What the country is talking about this week…
1 JULIA ROBERTS/LYLE LOVETT What a catch. It’s hard to believe he was still available.
2 DENNIS THE MENACE A bratty kid makes a neighbor’s life a living hell. Why pay for what we can get at home for free?
3 BEAVIS & BUTT-HEAD Virtual stupidity.
4 MUSLIM TERRORISTS They had to come to New York. There’s nothing left to bomb in their own countries.
5 THE FUGITIVE Based on the ’60s TV show about a man on the run for murder. Nineties kids will wonder why he didn’t just plea-bargain.
6 WALTER ANNENBERG HIGH The TV Guide billionaire gave his old prep school $100 million. Most high schools have metal detectors at the door; this one has a cash machine.
7 THE NEW FIRST STEPBROTHER If they can replace George Stephanopoulos, they can sure as hell replace Roger.
8 IN THE LINE OF FIRE Clint Eastwood as a Secret Service agent. You can bet he gets served at Denny’s.
9 TOM CRUISE He plays a good-looking, overpaid young man in The Firm. - Sometimes you can’t even tell he’s acting.
10 SNOW WHITE Sleepy, Sneezy, Dopey, Happy, Grumpy, Bashful, and Doc. No, not the Seven Dwarfs. That’s who’ll be taking care of you under Hillary’s health care plan.
11 PETE TOWNSHEND He’s got Tommy, a new album, and a tour. At his age, any band he plays in should be called the How.
12 THE JERKY BOYS A fast-selling album full of prank phone calls.
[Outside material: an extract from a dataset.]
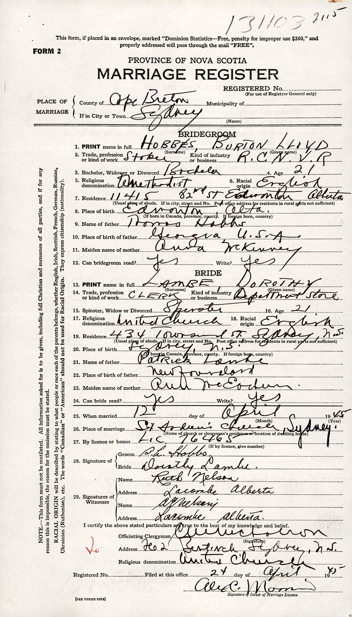 26. Place of marriage St Andrews Church Sydney, Cape Breton County

For this we invented the compact disc?
13 RED HOT CHILI PEPPERS They’ve taken out an ad for a new guitarist: ”Must be able to play seminude while on fire. Musical ability a plus.”
14 SLEEPLESS IN SEATTLE A romantic comedy kicks Last Action Hero’s butt. Time to wake up and smell the grosses, Hollywood.
15 ”IT’S HARD TO BE A BABY” A song by a 5-year-old French brat makes it to the U.S. We shouldn’t import anything younger than their cheese.